Documents foreign investors should submit
| Document | Purpose |
|---|---|
| Investment agreement | Establishes the nature of the investment |
| Share certificates | Proof of ownership of shares |
| Valuation report | Supports transaction valuation, where applicable |
| Form 15CA/15CB | Evidence relating to remittances, where applicable |
| Board approvals | Supports investment transaction |
| Bank remittance documents | Shows source and movement of funds |
| Tax deduction details (if any) | Helps establish tax compliance |
| Explanation for non-filing of ITR | Clarifies why no return was filed, if applicable |
Section 148A and Section 148: What's the difference?
Surana explained that Section 148A and Section 148 represent two separate stages of the reassessment process.

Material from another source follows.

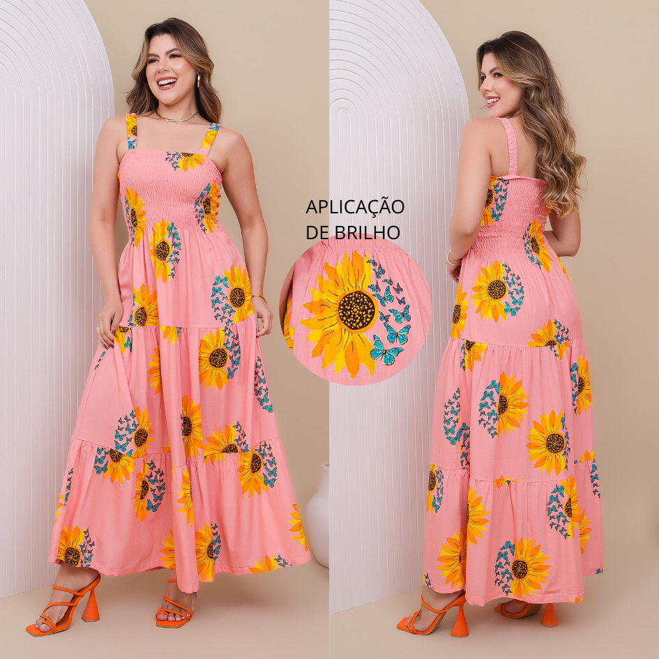 Vestido Longo Viscolinho Busto em Lastex Saia com Babados Alças com Elástico Estampado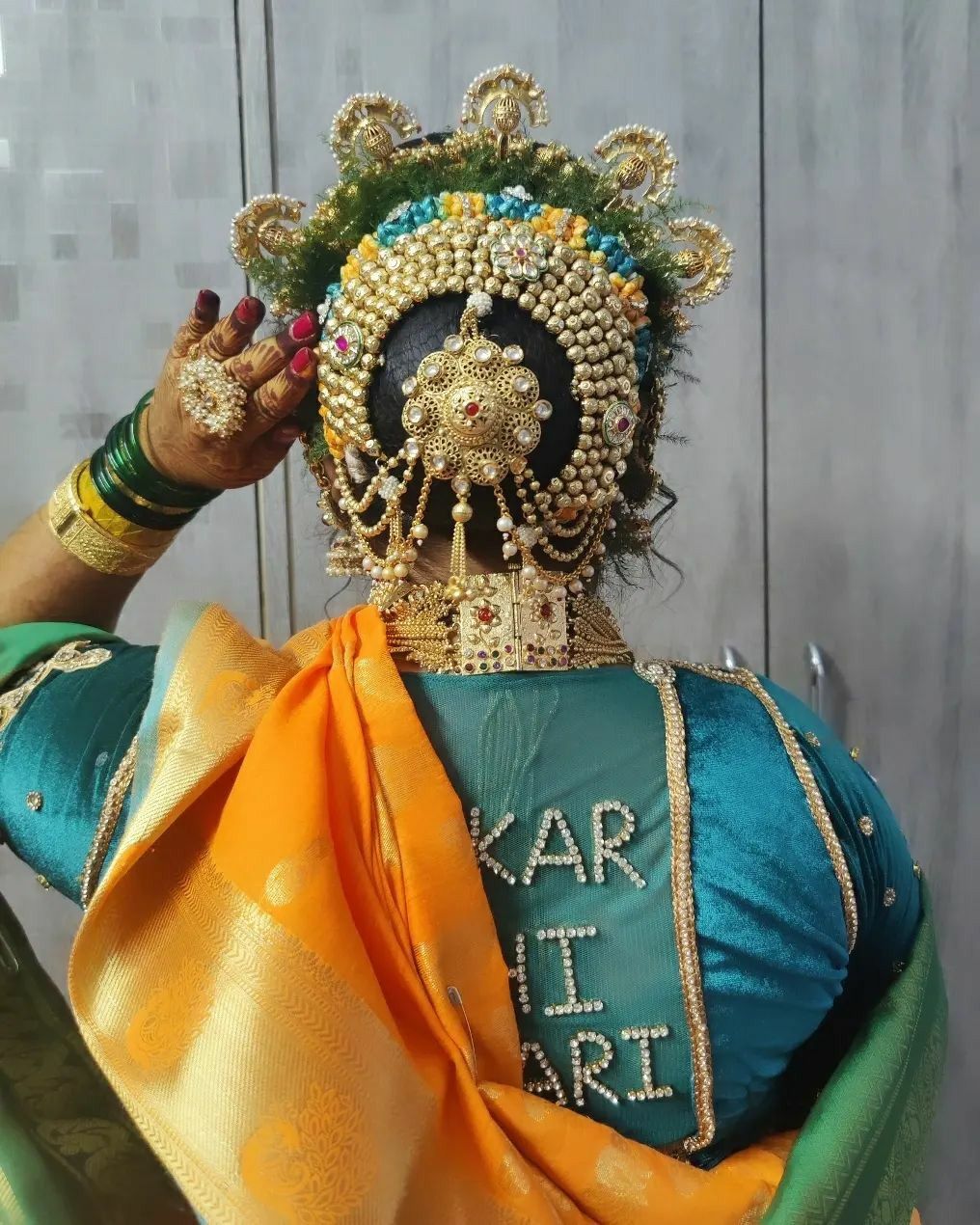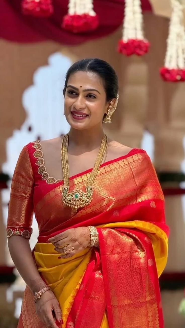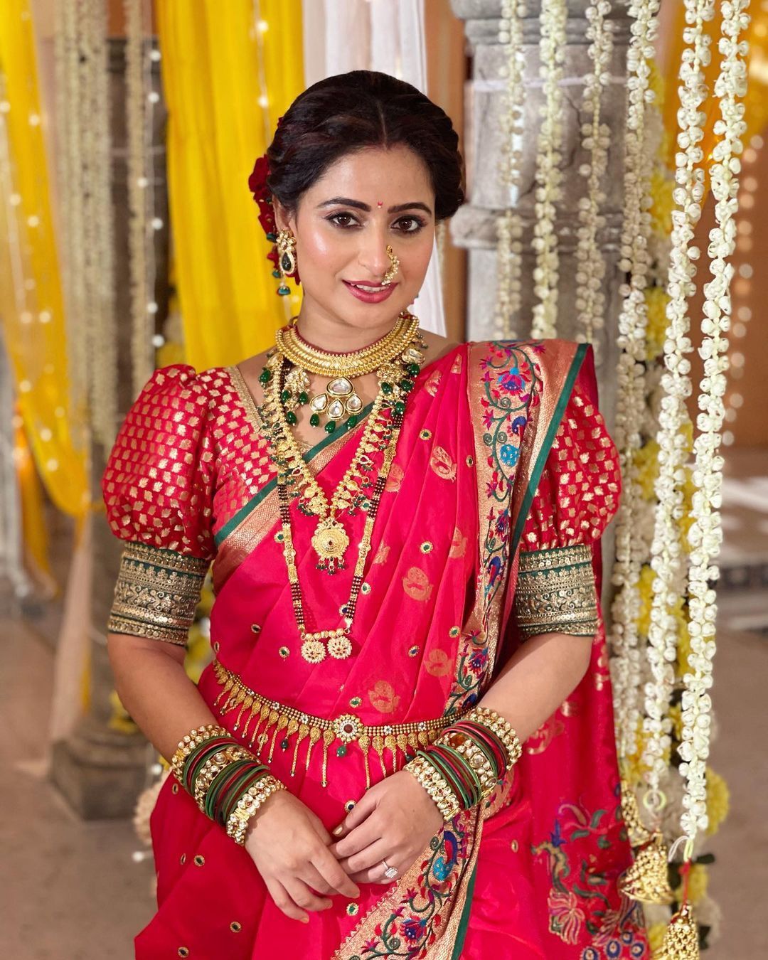 If you have broad shoulders, go for V-neck or deep neck designs. For petite brides, boat necks and puff sleeves look great. Always balance your blouse pattern with your saree drape.

Section 148A is the preliminary stage under which the Assessing Officer must provide the taxpayer with an opportunity to explain why reassessment proceedings should not be initiated. The tax officer shares the information suggesting that income has escaped assessment, considers the taxpayer's explanation and then decides whether the matter warrants a formal reassessment.
Only after this preliminary exercise and the required approvals can a notice under Section 148 be issued, requiring the taxpayer to furnish a return for the relevant assessment year and formally commencing reassessment proceedings.
He described Section 148A as an important taxpayer-protection mechanism intended to ensure that reassessment notices are issued only after preliminary verification of the available facts.
What's taxable, what's not
| Transaction | Taxable in India? |
|---|---|
| Purchase of listed shares | ❌ No |
| Purchase of unlisted shares | ❌ No |
| Dividend received | ✅ Yes (subject to applicable provisions) |
| Sale of shares resulting in capital gains | ✅ Yes |
| Interest income from India | ✅ Yes |
| Other India-sourced taxable income | ✅ Yes |
Experts flag compliance concerns
Tax professionals have also raised concerns about the compliance burden arising from such notices.
"The key concern... is that reassessment proceedings are meant to address cases where income chargeable to tax has escaped assessment. However, where a foreign investor has only made an investment and has not received dividend income, capital gains, interest income or any other India-sourced income, the basis for reopening may need to be examined carefully," Surana said.
He added that a timely and well-documented response can help demonstrate that no taxable income has arisen in India, potentially enabling the matter to be resolved at the preliminary stage itself without prolonged reassessment proceedings.